Miniature 3D-printed integrated electrochemical cell for trace voltammetric Hg(II) determination

Abstract

This work describes an integrated miniature all-3D-printed device for the determination of trace Hg(II) by anodic stripping voltammetry (ASV). The device is fabricated through a single-step printing process using a dual-extruder 3D printer and is composed of a mini vessel (printed from a polylactic acid (PLA) filament) and of 3 thermoplastic electrodes printed from a carbon-loaded PLA conductive filament and integrated at the bottom of the vessel.
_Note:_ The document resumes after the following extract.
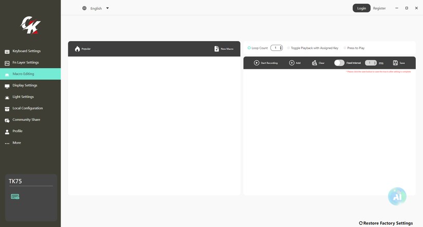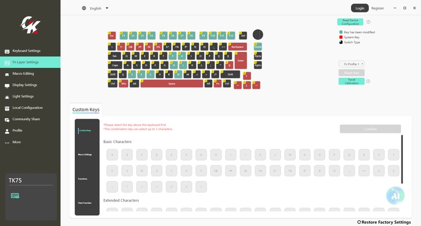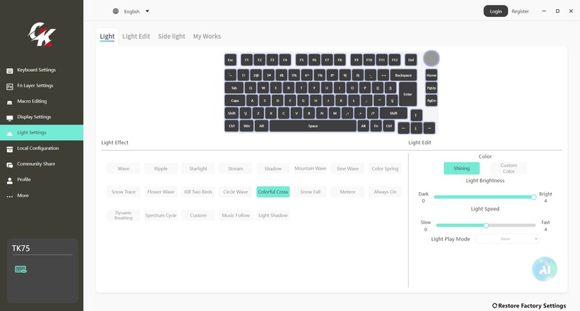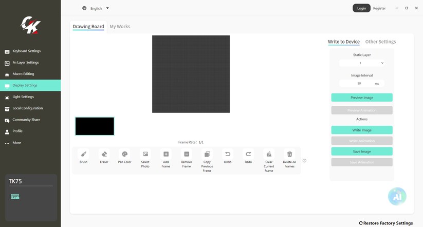 Die Software der Gamakay TK75HE V2 basiert auf der Open-Source-Firmware Quantum Mechanical Keyboard (QMK) und nennt sich Gamakay Driver V4. Über das Programm stellt man gewohnt alles rund um die Tastenbelegung, die Betätigungspunkte, die Beleuchtung und im Falle der TK75HE V2 auch den Bildschirm ein. Die Sprachauswahl der Software beschränkt sich auf Englisch und Chinesisch.
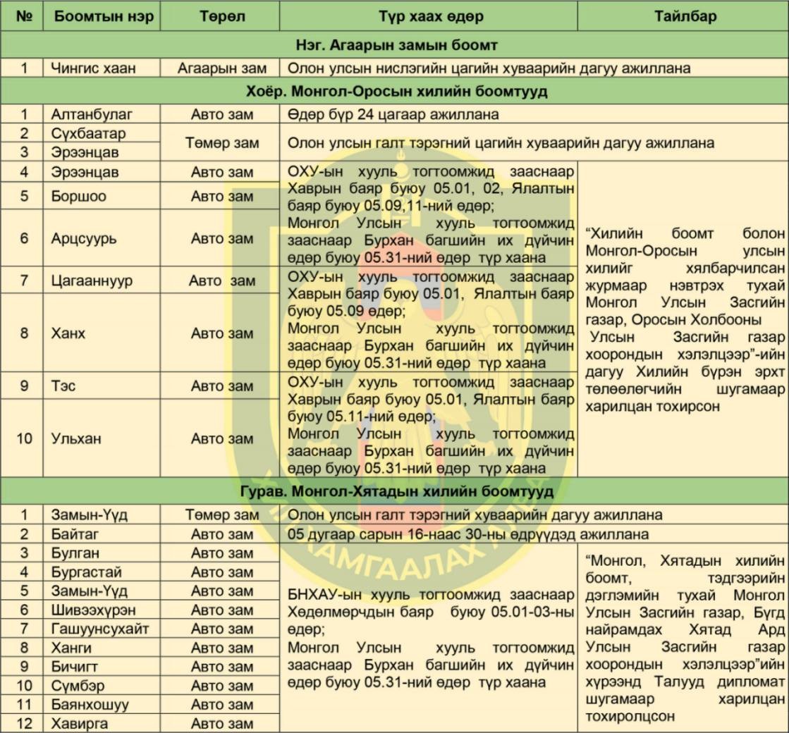 Монгол-Хятадын хилийн боомтуудын тухайд, БНХАУ-ын Хөдөлмөрчдийн баяр тавдугаар сарын 1-3-нд тохиож байгаа тул доорх боомтуудыг түр хаана.

The working electrode surface is modified with a thin gold film electroplated in situ. The formation of the gold deposit was studied by linear sweep voltammetry and optical microscopy and the electrode materials as well as the chemical and instrumental conditions for Hg(II) determination were optimized. The limit of detection for Hg(II) is 0.52 μg L−1, the within-sensor repeatability (expressed as the coefficient of variation of 8 measurements of 20 μg L−1 Hg(II) at the same device) is 3.9 % and the between-cell reproducibility (expressed as the coefficient of variation 5 measurements of 20 μg L−1 Hg(II) conducted at different cells) is 8.9 %. The 3D-printed device was successfully applied to the determination of Hg(II) in bottled water and fish oil samples.